§ AIM OF THE EXERCISE: The pictures in the data below are to be omitted; all else must be duplicated exactly.

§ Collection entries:
----------

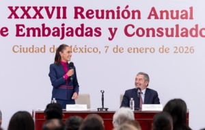 NacionalClaudia Sheinbaum se reúne con embajadores y cónsules en Palacio Nacional para dialogar sobre los planes para 2026 admin3 days ago01 mins En entrevista, embajadores de México en el exterior señalaron que también se dictaron las directrices en política exterior para este año y promover la inversión extranjera Post navigation Previous: CURP biométrica 2026: fechas clave, requisitos y cómo sacar una citaNext: Mariela Gutiérrez busca abrir el mercado de Estados Unidos al aguacate del Estado de México
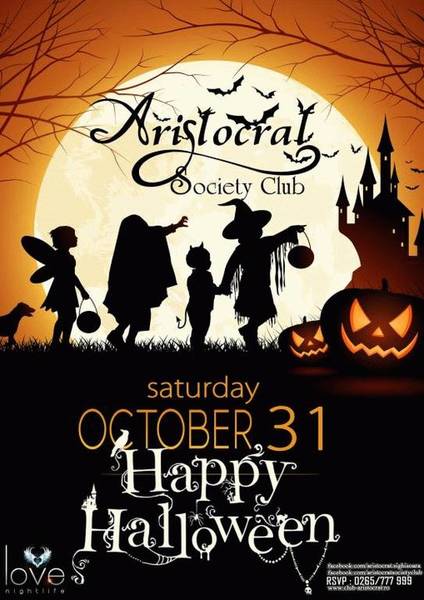 In noaptea de 31 Octombrie, ora 23:00 , ne adunam in Club Aristocrat costumati si gata de distractie. Costumeaza-te in vampir,varcolac,vrajitoare,sperietoare,etc , rezerva-ti masa si ai parte de cele mai traznite shoturi din partea clubului.
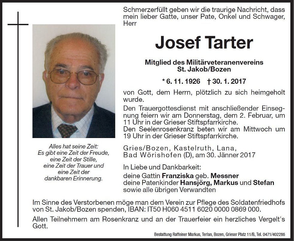 Im Sinne des Verstorbenen möge man dem Verein zur Pflege des Soldatenfriedhofes von St. Jakob/Bozen spenden. IBAN: IT50H0604511602000000869000
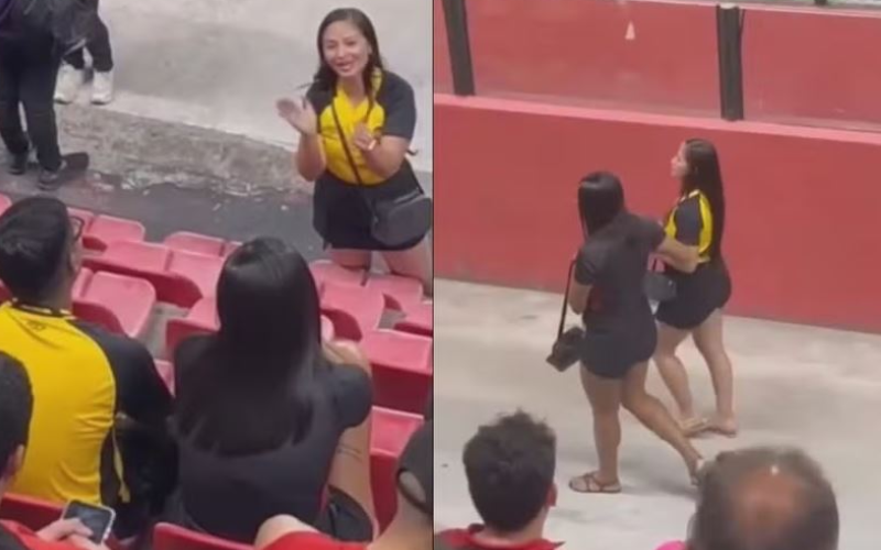 O desfecho, no entanto, surpreendeu o público: após a confusão, as duas mulheres deixaram o estádio juntas, enquanto o homem permaneceu sentado e visivelmente constrangido.
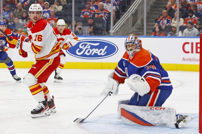 In the first period, Calgary center Morgan Frost sent the puck over the glass for a delay-of-game penalty at 8:51, and the Oilers took advantage. Nugent-Hopkins stuffed the puck across the goal line for a 1-0 lead at 9:53.
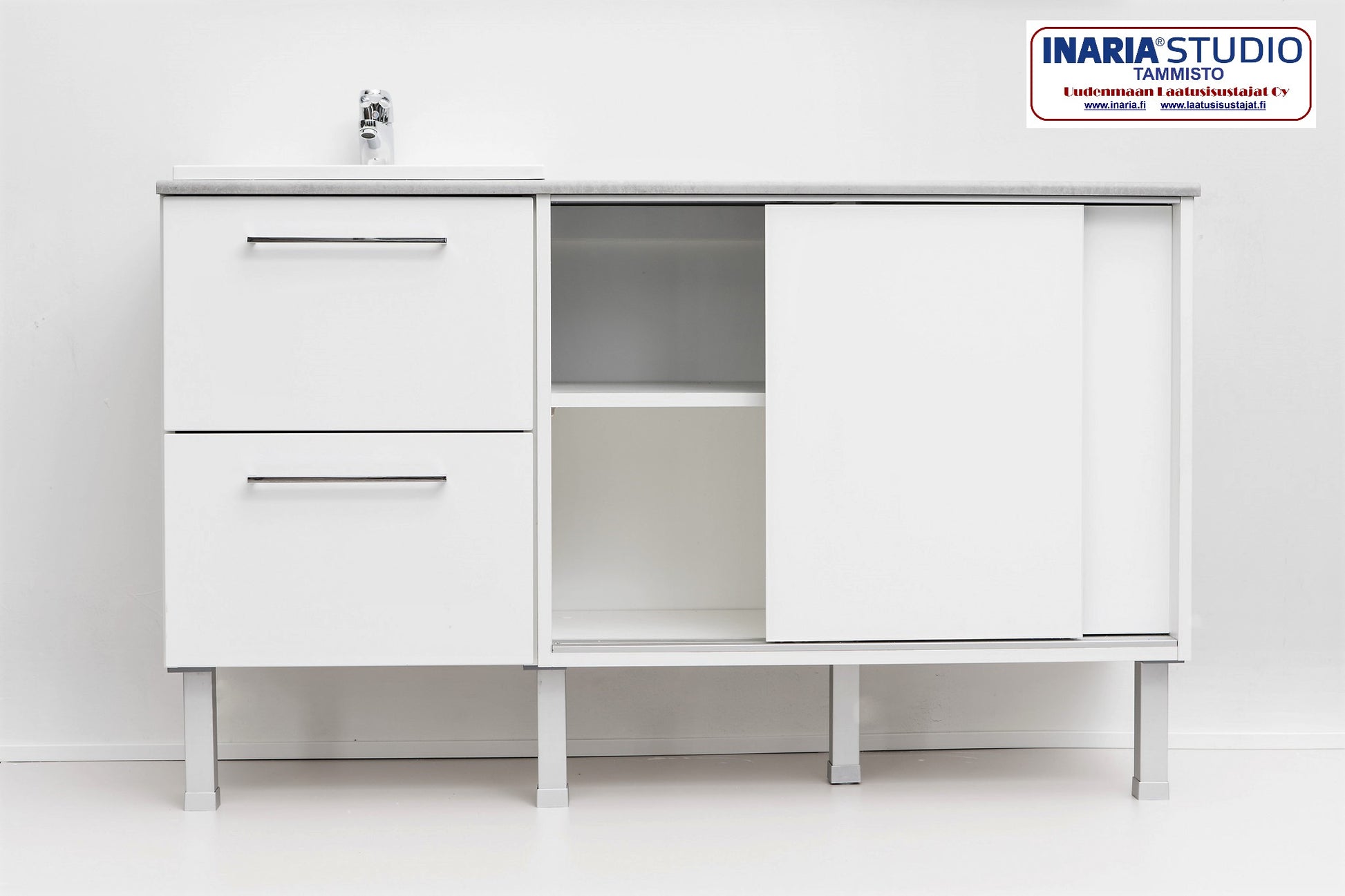 Inaria -allaskaappi liukuovilla ja laatikoilla. pit. 150cm, valkoinen. Vaalea tammilaminaattitaso
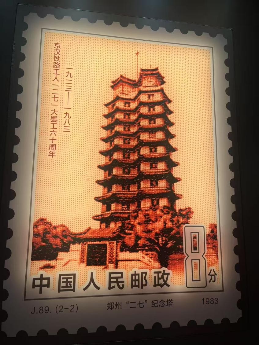 圖為館內展出的中國郵政發行的二七塔紀念郵票。齊心悅 攝
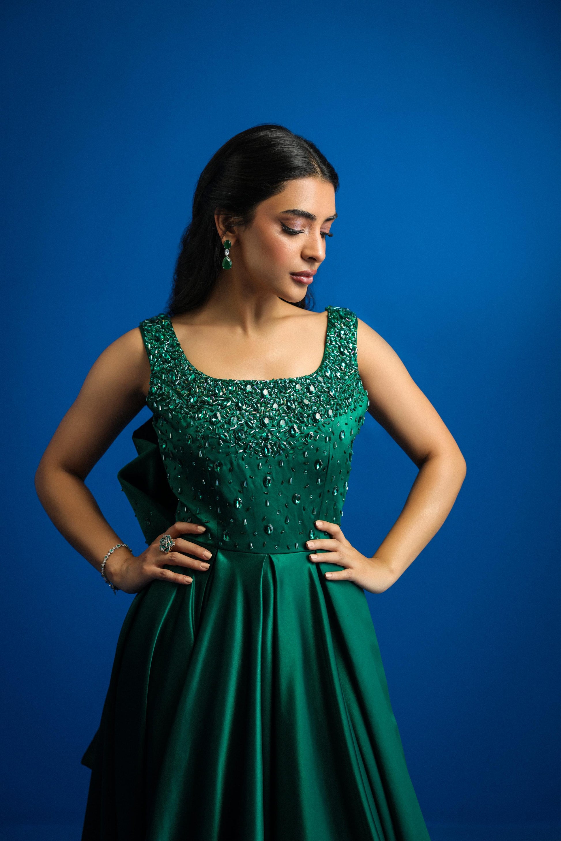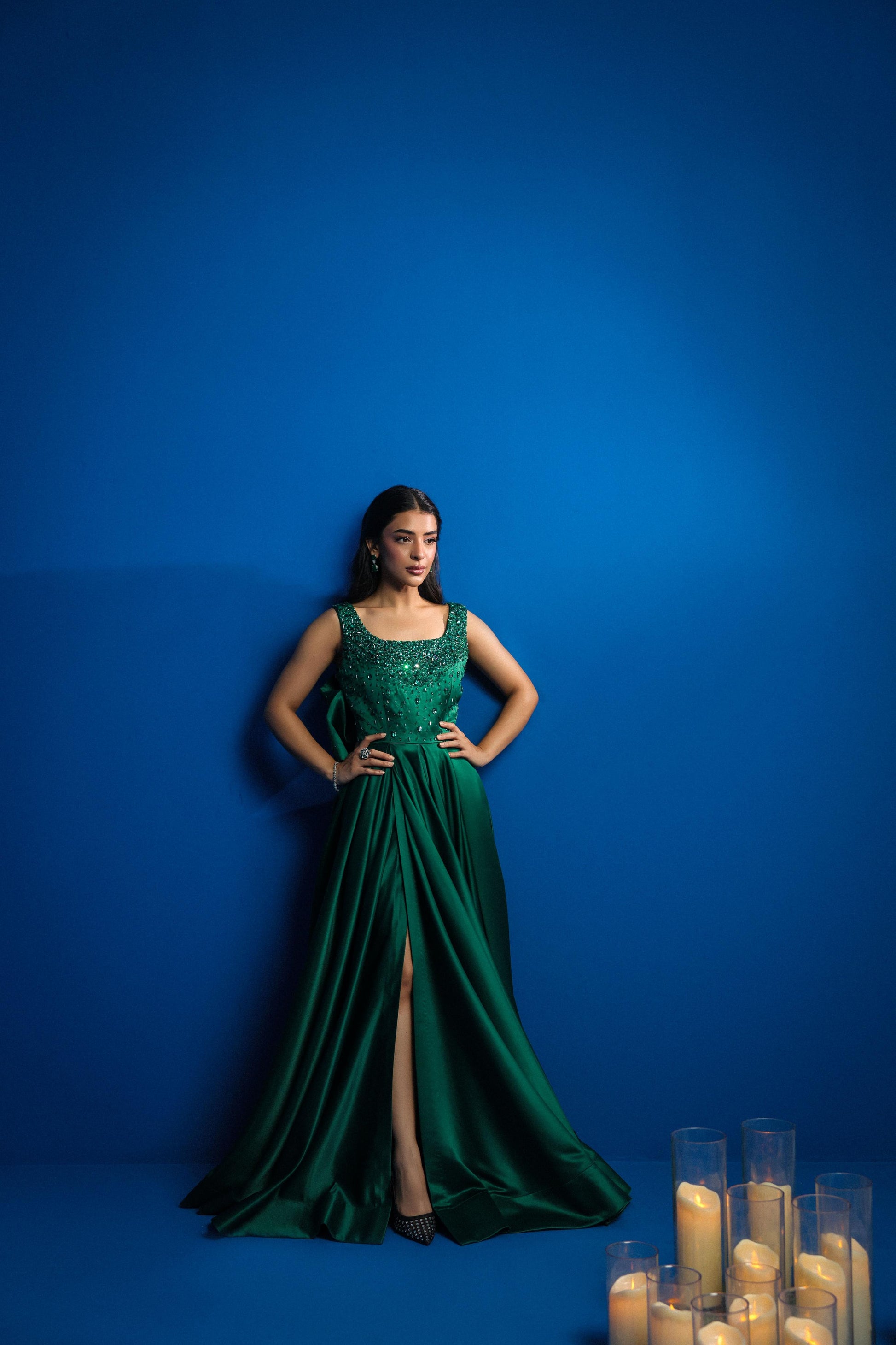 Step into timeless sophistication with our Emerald Green Gown, a statement of grace and magnificence. Crafted from luxurious premium silk fabric, this floor-length masterpiece flows effortlessly with every movement. The fitted bodice, adorned with intricate Austin Swarovski beadwork and delicate embroidery, adds a radiant sparkle that catches the light beautifully.
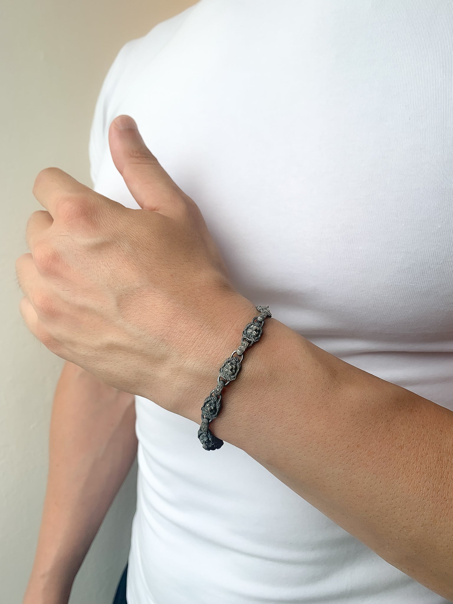 Exude power and elegance with this Sterling Silver Lion Head Bracelet, a striking accessory designed for the modern man. Crafted from 925K sterling silver, this bracelet features intricately detailed lion head motifs, symbolizing strength, courage, and leadership. Perfect for everyday wear or special occasions, this piece adds a bold and regal touch to any outfit.
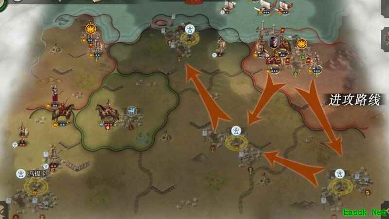 第四关三星难度较高,需注重进攻次序及经济运营基础。新人玩家需知,收入按人口分为和平、防御、侵略、疯狂四档,回合收益逐级下降。科技建议顺序:先点近卫军团,接着灌溉、商路,随后任意科技,再解锁二级科技中的总督(可激活急行军策略)。进攻路线推荐:优先右下城市,再攻中心城,最后拿下沿海城,合理规划节奏更易通关。

----------

§ ANSWER SPACE:
 NacionalClaudia Sheinbaum se reúne con embajadores y cónsules en Palacio Nacional para dialogar sobre los planes para 2026 admin3 days ago01 mins En entrevista, embajadores de México en el exterior señalaron que también se dictaron las directrices en política exterior para este año y promover la inversión extranjera Post navigation Previous: CURP biométrica 2026: fechas clave, requisitos y cómo sacar una citaNext: Mariela Gutiérrez busca abrir el mercado de Estados Unidos al aguacate del Estado de México
 In noaptea de 31 Octombrie, ora 23:00 , ne adunam in Club Aristocrat costumati si gata de distractie. Costumeaza-te in vampir,varcolac,vrajitoare,sperietoare,etc , rezerva-ti masa si ai parte de cele mai traznite shoturi din partea clubului.
 Im Sinne des Verstorbenen möge man dem Verein zur Pflege des Soldatenfriedhofes von St. Jakob/Bozen spenden. IBAN: IT50H0604511602000000869000
 O desfecho, no entanto, surpreendeu o público: após a confusão, as duas mulheres deixaram o estádio juntas, enquanto o homem permaneceu sentado e visivelmente constrangido.
 In the first period, Calgary center Morgan Frost sent the puck over the glass for a delay-of-game penalty at 8:51, and the Oilers took advantage. Nugent-Hopkins stuffed the puck across the goal line for a 1-0 lead at 9:53.
 Inaria -allaskaappi liukuovilla ja laatikoilla. pit. 150cm, valkoinen. Vaalea tammilaminaattitaso
 圖為館內展出的中國郵政發行的二七塔紀念郵票。齊心悅 攝
 Step into timeless sophistication with our Emerald Green Gown, a statement of grace and magnificence. Crafted from luxurious premium silk fabric, this floor-length masterpiece flows effortlessly with every movement. The fitted bodice, adorned with intricate Austin Swarovski beadwork and delicate embroidery, adds a radiant sparkle that catches the light beautifully.
 Exude power and elegance with this Sterling Silver Lion Head Bracelet, a striking accessory designed for the modern man. Crafted from 925K sterling silver, this bracelet features intricately detailed lion head motifs, symbolizing strength, courage, and leadership. Perfect for everyday wear or special occasions, this piece adds a bold and regal touch to any outfit.
 第四关三星难度较高,需注重进攻次序及经济运营基础。新人玩家需知,收入按人口分为和平、防御、侵略、疯狂四档,回合收益逐级下降。科技建议顺序:先点近卫军团,接着灌溉、商路,随后任意科技,再解锁二级科技中的总督(可激活急行军策略)。进攻路线推荐:优先右下城市,再攻中心城,最后拿下沿海城,合理规划节奏更易通关。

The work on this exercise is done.